Exercise goal
Excluding pictures, give the entries again exactly as they appear.

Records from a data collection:

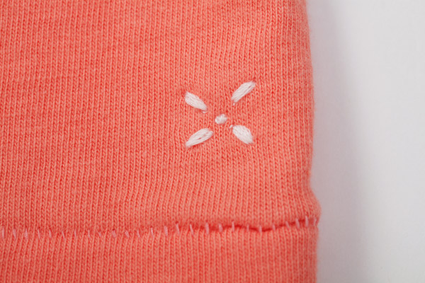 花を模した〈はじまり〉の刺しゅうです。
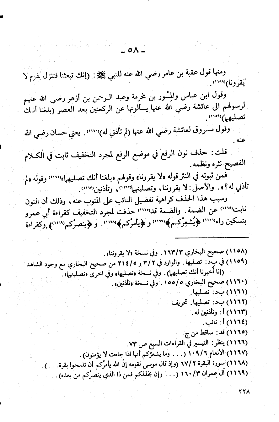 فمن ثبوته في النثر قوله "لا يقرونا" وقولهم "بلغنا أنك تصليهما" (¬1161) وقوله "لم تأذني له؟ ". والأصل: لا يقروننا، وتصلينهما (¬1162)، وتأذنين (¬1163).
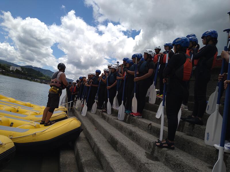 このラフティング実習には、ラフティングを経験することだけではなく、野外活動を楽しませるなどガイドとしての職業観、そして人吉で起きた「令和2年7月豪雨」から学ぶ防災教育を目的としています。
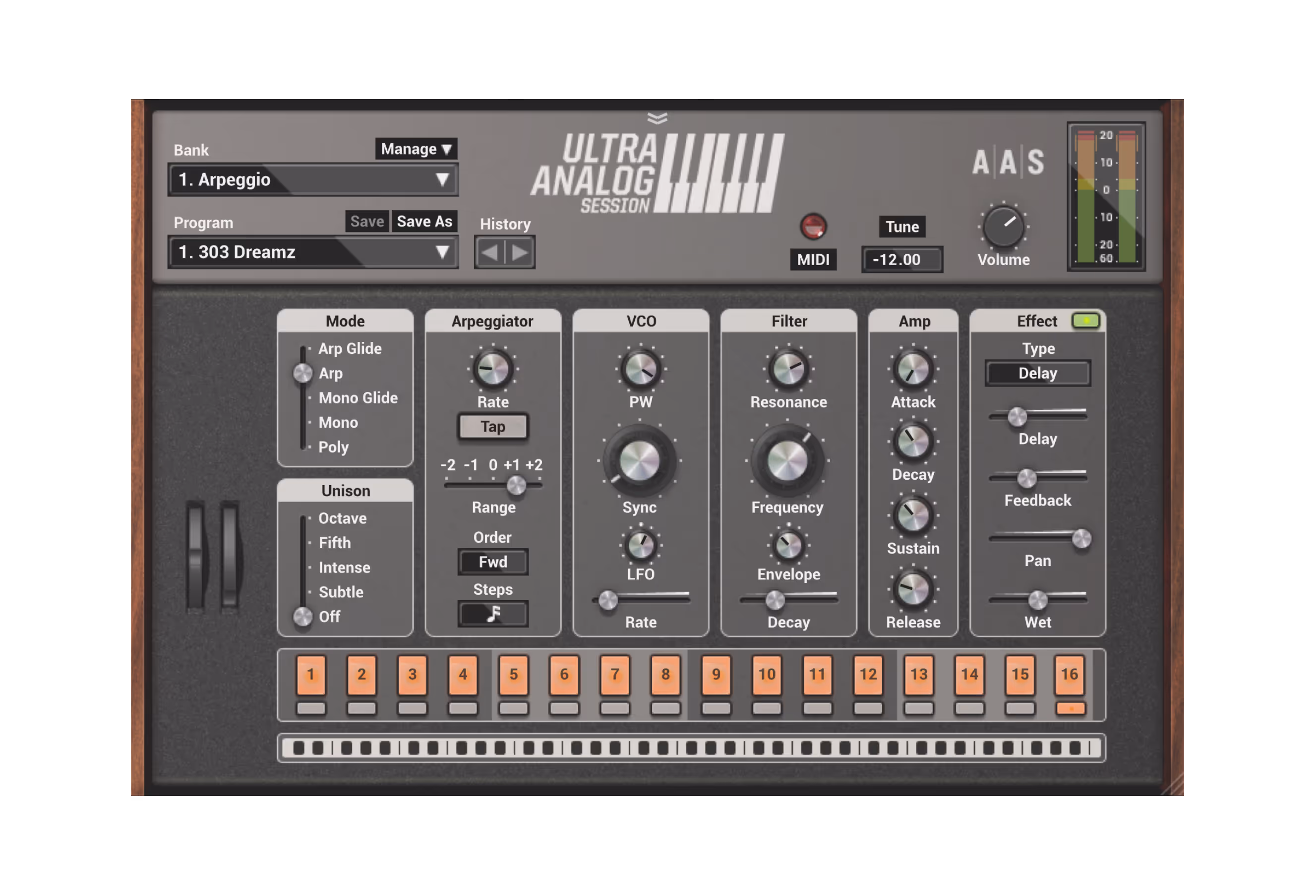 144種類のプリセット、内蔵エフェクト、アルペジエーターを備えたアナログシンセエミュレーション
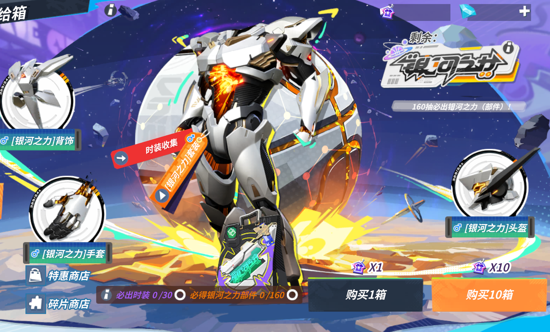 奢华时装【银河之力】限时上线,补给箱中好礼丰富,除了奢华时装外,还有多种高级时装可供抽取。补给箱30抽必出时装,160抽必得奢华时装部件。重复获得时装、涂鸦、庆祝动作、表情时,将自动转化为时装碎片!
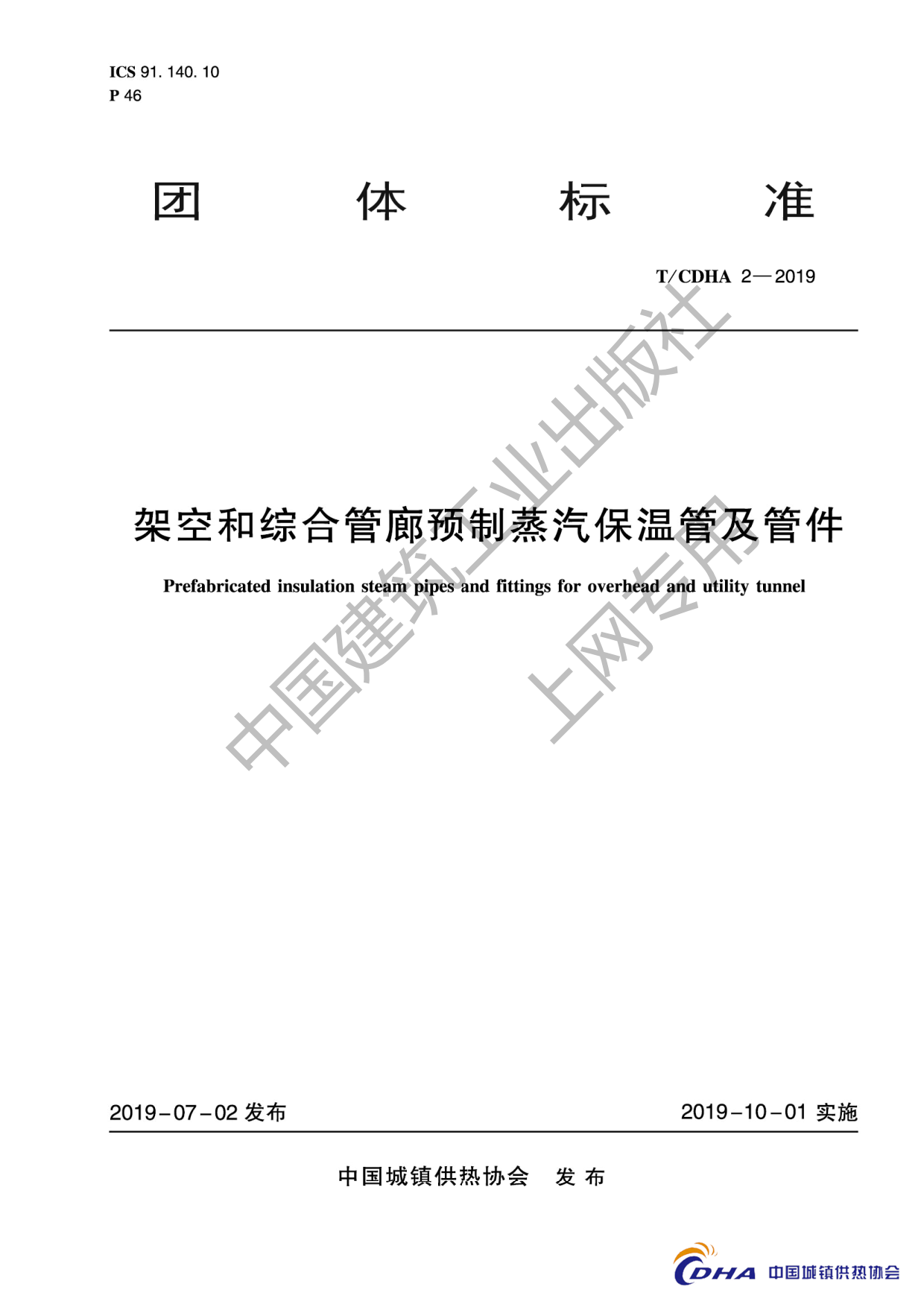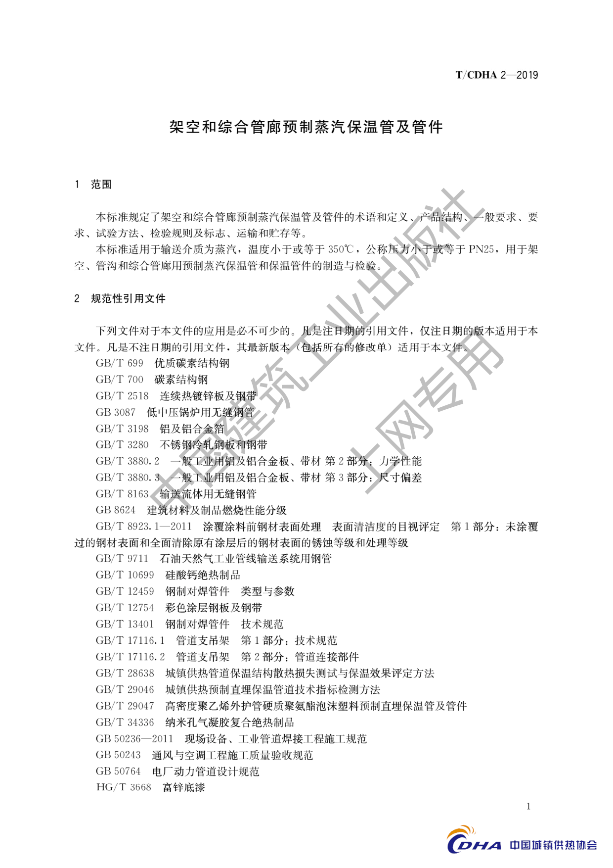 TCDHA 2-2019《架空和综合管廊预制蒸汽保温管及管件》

Response to this exercise
 花を模した〈はじまり〉の刺しゅうです。
 فمن ثبوته في النثر قوله "لا يقرونا" وقولهم "بلغنا أنك تصليهما" (¬1161) وقوله "لم تأذني له؟ ". والأصل: لا يقروننا، وتصلينهما (¬1162)، وتأذنين (¬1163).
 このラフティング実習には、ラフティングを経験することだけではなく、野外活動を楽しませるなどガイドとしての職業観、そして人吉で起きた「令和2年7月豪雨」から学ぶ防災教育を目的としています。
 144種類のプリセット、内蔵エフェクト、アルペジエーターを備えたアナログシンセエミュレーション
 奢华时装【银河之力】限时上线,补给箱中好礼丰富,除了奢华时装外,还有多种高级时装可供抽取。补给箱30抽必出时装,160抽必得奢华时装部件。重复获得时装、涂鸦、庆祝动作、表情时,将自动转化为时装碎片!
 TCDHA 2-2019《架空和综合管廊预制蒸汽保温管及管件》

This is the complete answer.